This repository has been archived on 2024-07-08. You can view files and clone it, but cannot push or open issues or pull requests.
nix-config-tn/docs/monitoring/systemd.md
Truxnell ccd8e800df
Feat: docs (#98)
* hacking at dns

* hack

* hax

* start dics!

* hacking

* feat: docs!

---------

Co-authored-by: Truxnell <9149206+truxnell@users.noreply.github.com>
2024-04-16 05:14:06 +00:00

4 KiB

SystemD pushover notifications

Keeping with the goal of simple, I put together a curl script that can send me a pushover alert. I originally tied this to individual backups, until I realised how powerful it would be to just have it tied to every SystemD service globally.

This way, I would never need to worry or consider what services are being created/destroyed and repeating myself ad nauseam.

!!! question "Why not Prometheus?"

I ran Prometheus/AlertManager for many years and well it can be easy to get TOO many notifications depending on your alerts, or to have issues with the big complex beast it is itself, or have alerts that trigger/reset/trigger (i.e.

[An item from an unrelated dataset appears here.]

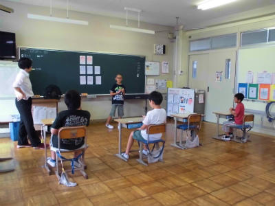 夏休みに取り組んだ自由研究の発表会を行っています。テーマの選び方、研究の進め方、まとめ方を友だちから学ぶと、来年度にも活かせそうです。

HDD temps).
This gives me native, simple notifications I can rely on using basic tools - one of my design principles.

Immediately I picked up with little effort:

  • Pod crashloop failed after too many quick restarts
  • Native service failure
  • Backup failures
  • AutoUpdate failure
  • etc
![Screenshot of Cockpit web ui showing various pushover notification units](../includes/assets/cockpit-systemd-notifications.png)
NixOS SystemD built-in notifications for all occasions

Adding to all services

This is accomplished in :simple-github:/nixos/modules/nixos/system/pushover, with a systemd service notify-pushover@.

This can then be called by other services, which I setup with adding into my options:

  options.systemd.services = mkOption {
    type = with types; attrsOf (
      submodule {
        config.onFailure = [ "notify-pushover@%n.service" ];
      }
    );

This adds into every systemd NixOS generates the "notify-pushover@%n.service", where the systemd specifiers are injected with scriptArgs, and the simple bash script can refer to them as $1 etc.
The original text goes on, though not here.